• Action item
Without adding anything, give again the lines from the one holding "1号棟:空間が広く感じるLDK吹抜を採用♪和室で落ち着いて過ごせます♪" through the final line of the records, exactly, with both ends included and pictures dropped.

Data under study Block Start

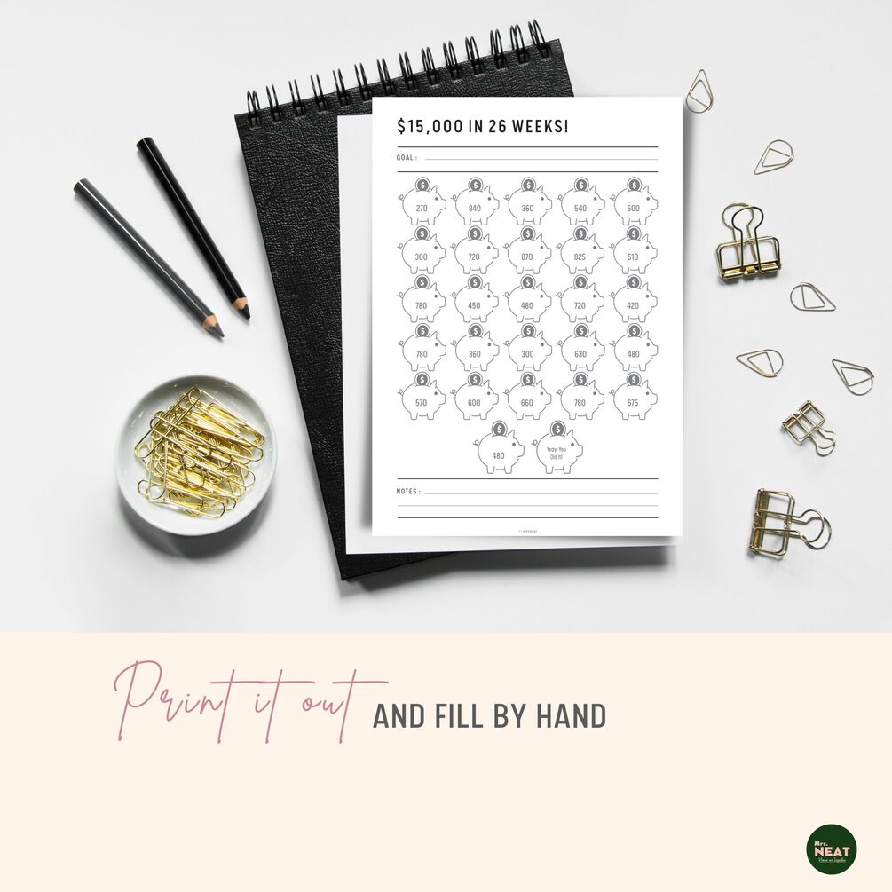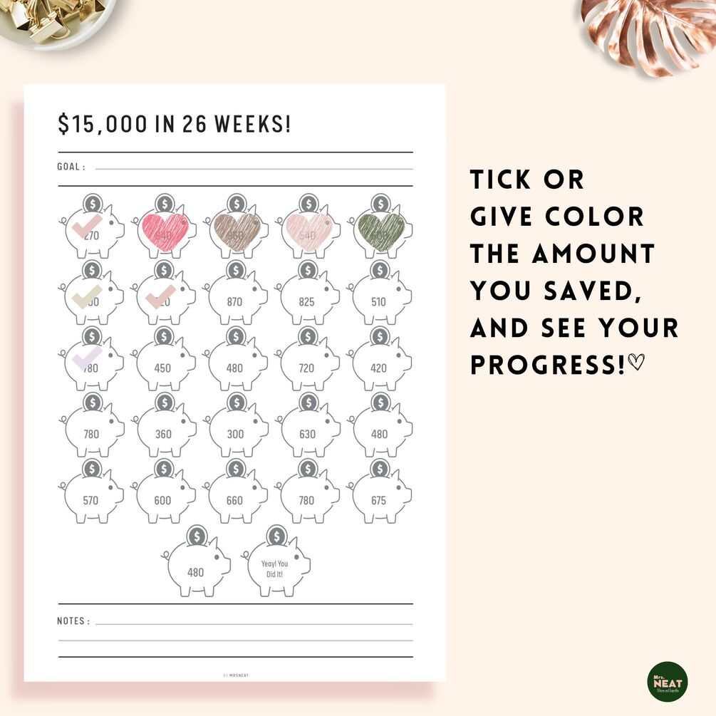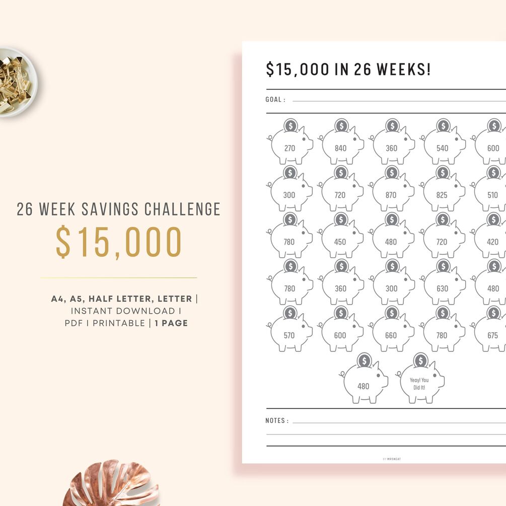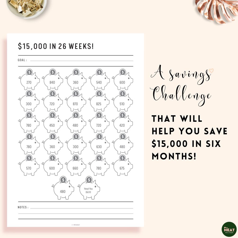 This printable features 26 piggy banks, one for each week of the half-year, and is designed to help you save $15,000 in just 26 weeks.
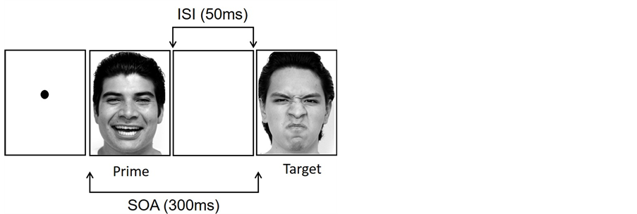 The selected affective prime face stimuli were arranged in pairs (prime-target) to create 135 experimental trials. Each trial presented the two faces consecutively, and stimulus onset asynchrony (SOA) was controlled (the time interval considering the beginning of the presentation of the first stimulus up to the beginning of the presentation of the second stimulus. In addition, the inter-stimulus interval (ISI; time between both stimuli) was controlled. Manipulation of the ISI and the SOA induces either cognitive automatic processing or controlled processing. In this study, both temporal parameters were set to activate automatic processing. The experimental trials were presented on a computer using the software Super Lab Pro 5. Figure 1 illustrates visually this experimental manipulation.
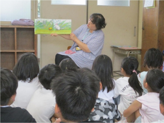 毎月一回朝の活動の時間に、読書ボランティアやすらぎの森の皆様から読み聞かせをしていただいています。子供たちはいつも楽しみにしています。 子供たちの表情も本の内容によって笑顔になったり、ぐっと見入る目つきになったりと本の世界に入り込んでいるようでした。 また、クイズなどもあり楽しんでいました。 読書が好きな子が増えてきているようです。
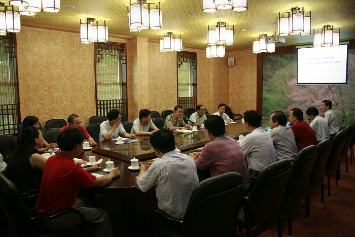 图为省市领导在听取景区工作人员的创建工作情况汇报
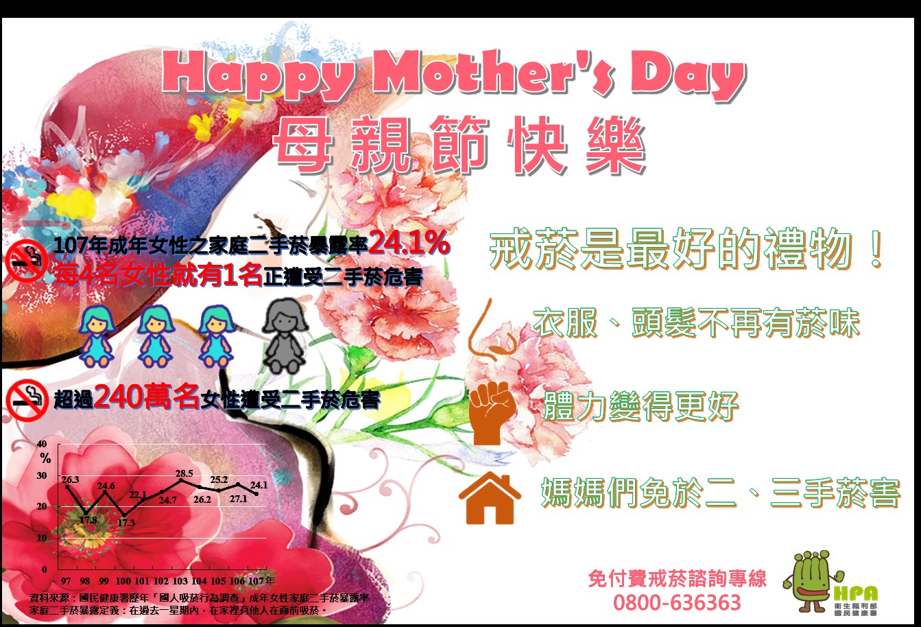母親節要到了,如果您還在吸菸,鼓勵您讓「母親節」成為您的戒菸日。國民健康署王英偉署長表示,有設定戒菸日的戒菸者比未設定者戒菸成功率約增加2成;成功戒菸後,不但自己的衣服、頭髮不再有菸味,體力也會變得更好,也讓媽媽們免於二、三手菸的健康危害,是最有意義的母親節禮物。
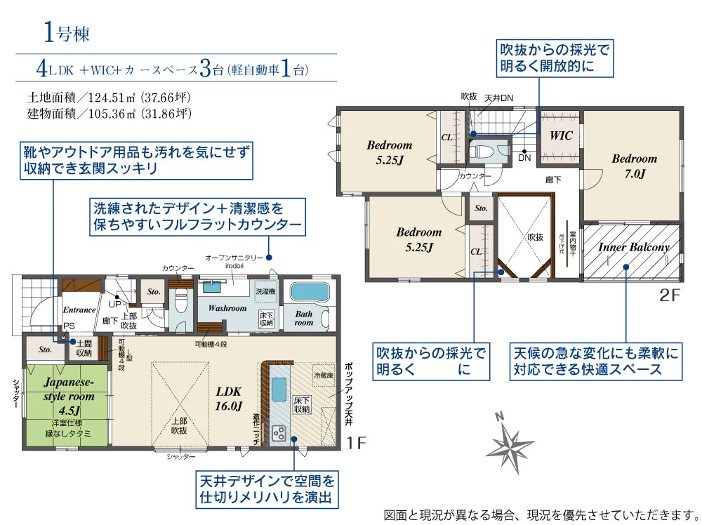1号棟:空間が広く感じるLDK吹抜を採用♪和室で落ち着いて過ごせます♪
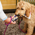 En slidstærk og flettet hundesnor, lavet af genanvendt polyesternylon. Snoren fås i forskellige flotte farvekombinationer og er udstyret med en robust karabinhage, der sikrer en tryg fastgørelse.
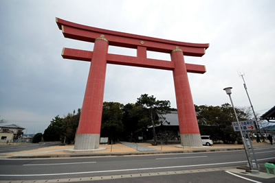 漢字で書くと「自凝島神社」。縁結びで有名らしく参拝者は女性が多い。ちなみにここの鳥居は日本三大鳥居に入るらしい。(他は京都:平安神宮、広島:厳島神社)

Data under study Block End

• Result for this task
1号棟:空間が広く感じるLDK吹抜を採用♪和室で落ち着いて過ごせます♪
 En slidstærk og flettet hundesnor, lavet af genanvendt polyesternylon. Snoren fås i forskellige flotte farvekombinationer og er udstyret med en robust karabinhage, der sikrer en tryg fastgørelse.
 漢字で書くと「自凝島神社」。縁結びで有名らしく参拝者は女性が多い。ちなみにここの鳥居は日本三大鳥居に入るらしい。(他は京都:平安神宮、広島:厳島神社)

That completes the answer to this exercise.